▶ Records supplied:
╔══
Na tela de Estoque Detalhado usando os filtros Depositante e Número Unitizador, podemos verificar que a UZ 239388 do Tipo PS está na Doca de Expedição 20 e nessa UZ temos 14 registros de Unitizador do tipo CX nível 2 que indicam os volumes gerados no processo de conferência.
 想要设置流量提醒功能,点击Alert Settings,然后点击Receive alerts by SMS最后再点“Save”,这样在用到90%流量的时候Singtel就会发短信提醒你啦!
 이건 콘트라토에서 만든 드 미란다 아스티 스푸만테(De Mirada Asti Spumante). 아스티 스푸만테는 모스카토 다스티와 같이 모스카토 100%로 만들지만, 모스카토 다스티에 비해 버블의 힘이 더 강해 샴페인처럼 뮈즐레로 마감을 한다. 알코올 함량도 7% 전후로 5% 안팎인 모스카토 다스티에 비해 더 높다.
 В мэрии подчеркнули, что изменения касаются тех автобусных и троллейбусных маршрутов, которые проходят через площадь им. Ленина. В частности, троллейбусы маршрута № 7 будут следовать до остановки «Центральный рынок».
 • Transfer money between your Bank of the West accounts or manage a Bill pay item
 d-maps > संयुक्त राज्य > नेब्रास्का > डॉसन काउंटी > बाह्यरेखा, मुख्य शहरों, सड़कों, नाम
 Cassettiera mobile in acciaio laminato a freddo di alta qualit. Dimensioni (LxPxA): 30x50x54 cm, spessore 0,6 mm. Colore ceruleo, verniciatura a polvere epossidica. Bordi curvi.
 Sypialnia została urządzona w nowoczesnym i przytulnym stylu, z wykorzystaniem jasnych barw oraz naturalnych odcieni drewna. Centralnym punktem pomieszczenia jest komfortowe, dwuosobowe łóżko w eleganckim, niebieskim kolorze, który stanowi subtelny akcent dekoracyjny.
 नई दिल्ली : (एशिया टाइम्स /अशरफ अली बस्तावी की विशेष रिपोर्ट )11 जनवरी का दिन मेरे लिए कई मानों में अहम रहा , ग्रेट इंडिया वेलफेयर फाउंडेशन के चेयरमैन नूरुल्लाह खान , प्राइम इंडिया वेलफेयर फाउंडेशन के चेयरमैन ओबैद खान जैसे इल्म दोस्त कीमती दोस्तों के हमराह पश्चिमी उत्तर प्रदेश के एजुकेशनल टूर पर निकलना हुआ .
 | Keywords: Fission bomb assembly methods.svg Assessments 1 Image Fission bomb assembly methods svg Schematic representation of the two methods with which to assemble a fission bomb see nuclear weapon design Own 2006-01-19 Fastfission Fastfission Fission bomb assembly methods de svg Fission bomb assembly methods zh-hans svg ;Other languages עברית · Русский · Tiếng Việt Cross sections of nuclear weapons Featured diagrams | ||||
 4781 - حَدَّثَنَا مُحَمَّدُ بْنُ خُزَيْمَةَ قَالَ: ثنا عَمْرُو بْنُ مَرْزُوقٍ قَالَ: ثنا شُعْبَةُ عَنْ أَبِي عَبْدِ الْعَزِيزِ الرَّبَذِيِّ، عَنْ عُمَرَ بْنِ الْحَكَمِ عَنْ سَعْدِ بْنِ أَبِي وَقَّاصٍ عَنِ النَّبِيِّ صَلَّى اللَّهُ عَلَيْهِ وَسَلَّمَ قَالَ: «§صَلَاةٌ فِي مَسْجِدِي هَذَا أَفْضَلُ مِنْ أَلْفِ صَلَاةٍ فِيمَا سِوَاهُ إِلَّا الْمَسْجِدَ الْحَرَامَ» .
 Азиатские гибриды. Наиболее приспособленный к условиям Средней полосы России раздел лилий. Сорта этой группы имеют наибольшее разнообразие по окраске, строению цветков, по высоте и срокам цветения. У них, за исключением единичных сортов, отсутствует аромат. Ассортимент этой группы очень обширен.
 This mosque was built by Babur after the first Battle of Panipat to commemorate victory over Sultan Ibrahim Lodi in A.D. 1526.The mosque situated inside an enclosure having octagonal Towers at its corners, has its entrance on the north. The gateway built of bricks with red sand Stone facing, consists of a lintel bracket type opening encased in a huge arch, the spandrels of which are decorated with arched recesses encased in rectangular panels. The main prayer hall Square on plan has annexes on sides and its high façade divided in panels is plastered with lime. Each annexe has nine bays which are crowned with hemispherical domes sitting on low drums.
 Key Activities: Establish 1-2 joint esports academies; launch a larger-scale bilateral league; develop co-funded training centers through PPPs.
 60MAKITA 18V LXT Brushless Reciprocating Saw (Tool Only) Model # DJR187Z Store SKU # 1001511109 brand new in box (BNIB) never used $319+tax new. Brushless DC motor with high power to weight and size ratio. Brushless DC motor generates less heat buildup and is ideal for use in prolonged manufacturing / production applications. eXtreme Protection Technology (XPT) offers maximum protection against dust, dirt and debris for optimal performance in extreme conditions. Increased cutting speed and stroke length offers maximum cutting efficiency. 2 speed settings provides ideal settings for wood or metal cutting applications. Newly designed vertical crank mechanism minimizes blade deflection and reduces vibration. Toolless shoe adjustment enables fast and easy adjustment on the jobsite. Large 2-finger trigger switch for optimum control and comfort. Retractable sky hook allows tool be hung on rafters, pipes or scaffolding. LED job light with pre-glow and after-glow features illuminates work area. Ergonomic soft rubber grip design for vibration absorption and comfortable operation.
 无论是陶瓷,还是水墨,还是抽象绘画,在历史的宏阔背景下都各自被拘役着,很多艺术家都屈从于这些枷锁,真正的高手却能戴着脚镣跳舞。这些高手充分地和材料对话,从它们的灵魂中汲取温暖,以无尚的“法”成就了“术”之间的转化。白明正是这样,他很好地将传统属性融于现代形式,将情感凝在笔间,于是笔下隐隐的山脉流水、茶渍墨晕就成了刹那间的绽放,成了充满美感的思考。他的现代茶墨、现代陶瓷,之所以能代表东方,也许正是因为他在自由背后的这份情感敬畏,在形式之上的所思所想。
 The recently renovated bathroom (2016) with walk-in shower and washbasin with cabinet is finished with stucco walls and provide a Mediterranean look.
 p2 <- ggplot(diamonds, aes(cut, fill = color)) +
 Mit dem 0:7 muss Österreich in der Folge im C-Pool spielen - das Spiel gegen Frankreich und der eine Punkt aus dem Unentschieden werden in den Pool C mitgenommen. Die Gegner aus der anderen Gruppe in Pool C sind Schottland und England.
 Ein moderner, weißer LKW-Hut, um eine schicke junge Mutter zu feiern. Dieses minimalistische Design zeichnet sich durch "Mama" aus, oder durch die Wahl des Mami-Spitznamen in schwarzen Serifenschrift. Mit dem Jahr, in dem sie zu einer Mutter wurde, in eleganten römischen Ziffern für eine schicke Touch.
╚══
▶ Exercise goal: Within the data above, the span starting at the line containing "नई दिल्ली : (एशिया" and ending at the line containing "diagrams | ||||" is to be retyped exactly, with no other lines.

▶ Your solution:
 नई दिल्ली : (एशिया टाइम्स /अशरफ अली बस्तावी की विशेष रिपोर्ट )11 जनवरी का दिन मेरे लिए कई मानों में अहम रहा , ग्रेट इंडिया वेलफेयर फाउंडेशन के चेयरमैन नूरुल्लाह खान , प्राइम इंडिया वेलफेयर फाउंडेशन के चेयरमैन ओबैद खान जैसे इल्म दोस्त कीमती दोस्तों के हमराह पश्चिमी उत्तर प्रदेश के एजुकेशनल टूर पर निकलना हुआ .
 | Keywords: Fission bomb assembly methods.svg Assessments 1 Image Fission bomb assembly methods svg Schematic representation of the two methods with which to assemble a fission bomb see nuclear weapon design Own 2006-01-19 Fastfission Fastfission Fission bomb assembly methods de svg Fission bomb assembly methods zh-hans svg ;Other languages עברית · Русский · Tiếng Việt Cross sections of nuclear weapons Featured diagrams | ||||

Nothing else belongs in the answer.